##### Material for the task
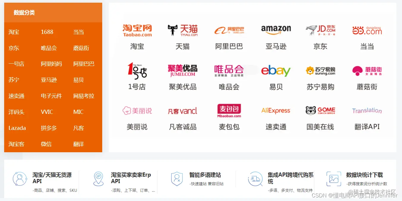 国内外主流电商平台二十多个,商品数据订单数据买家卖家数据齐全,支持高并发请求
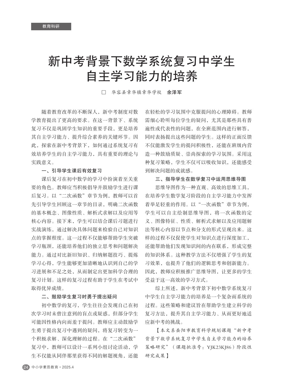 【2025年第4期】新中考背景下数学系统复习中学生自主学习能力的培养
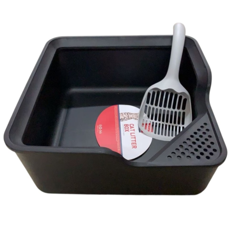 1 kép Magasfalú macska alomtálca szuperprémium lapáttal - Fekete
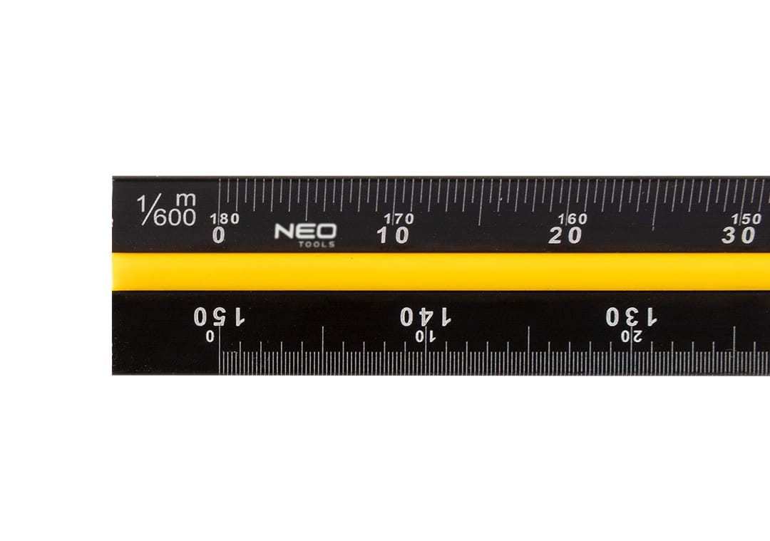 Liniał trójkątny - skalówka 72-205 marki NEO służy do odczytywania wymiarów oraz do rysowania w skali na planach i rysunkach technicznych. Doskonała sprawdzi się w pracach projektowych, geodezyjnych i innych związanych ze skalowaniem.
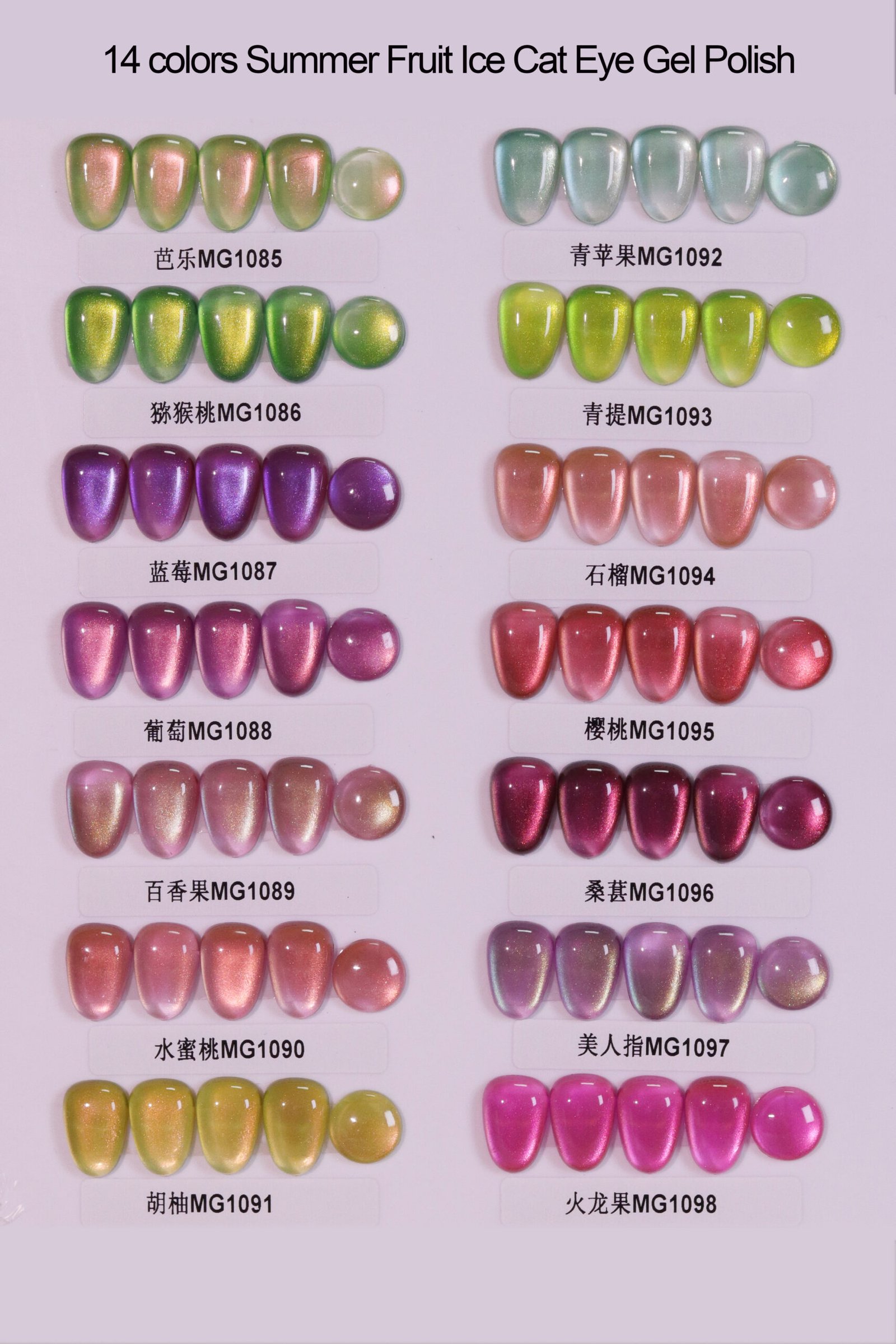 Fourteen juicy, summer-inspired shades with a sparkling cat-eye effect.
##########
* _Task item_:
An exact copy of the data is required, with the pictures excluded.

* _Solution to this exercise_:
 国内外主流电商平台二十多个,商品数据订单数据买家卖家数据齐全,支持高并发请求
 【2025年第4期】新中考背景下数学系统复习中学生自主学习能力的培养
 1 kép Magasfalú macska alomtálca szuperprémium lapáttal - Fekete
 Liniał trójkątny - skalówka 72-205 marki NEO służy do odczytywania wymiarów oraz do rysowania w skali na planach i rysunkach technicznych. Doskonała sprawdzi się w pracach projektowych, geodezyjnych i innych związanych ze skalowaniem.
 Fourteen juicy, summer-inspired shades with a sparkling cat-eye effect.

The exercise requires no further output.